The sunlight poured through the curtains indicating the arrival of a good day. Spurred on by this I jumped into the shower and made a packed lunch and headed out on a walk along the beach headed for Cannibal Bay – the next bay around. The sun was out, and in my eyes as I picked my way around the headland at high tide. Walking with my head down to avoid the glare I almost fell over a sleeping sea lion basking in the warmth of the sun! Retreating, I gave the beast a wide berth and continued on my way. Turned out there were tens of these massive sea creatures all over the long beach, disguised among the lumps of driftwood and sea weed. On my way back the tide had come in further, narrowing my passage of safety and I was chased by a particularly large male at one point as I tried to get past!
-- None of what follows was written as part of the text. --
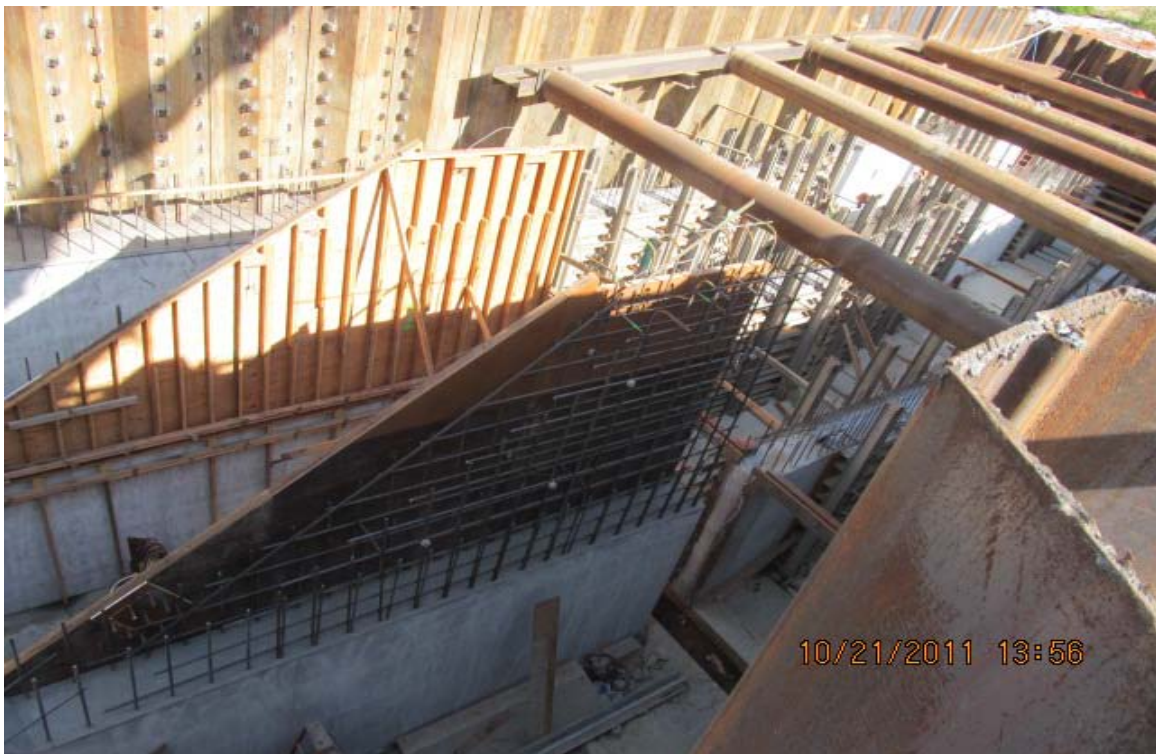
West Bay Builders carpenter crew installing formwork for inlet structure.

Spying another large one further up the beach I decided to take a detour through the dunes – bad idea. Once finally back on the beach I got wet feet again by trying to get past a sleeping giant. It blew me away to see so many sea loins up close in the natural environment. Safely back in the hostel I made a brew and got ready to go Penguin spotting. I had been told that the rare Yellow-eyed penguin comes ashore about 2hrs before sunset so I headed over to Roaring Bay to hang out in the hide. I waited half an hour and say nothing. Maybe today wasn't the day. I started walking back to the car when I happened to glance back and spot a little black head bob up from under the breaking waves. I know instantly what it was and ran back to the hide to get a closer look The little thing got to its feet and waddled ashore, shook itself off and jumped from rock to rock to get to its nest. it was so cool to see, there are apparently only 3000 breeding birds in the world. Then another one came in! 2 penguins on the beach! A good day.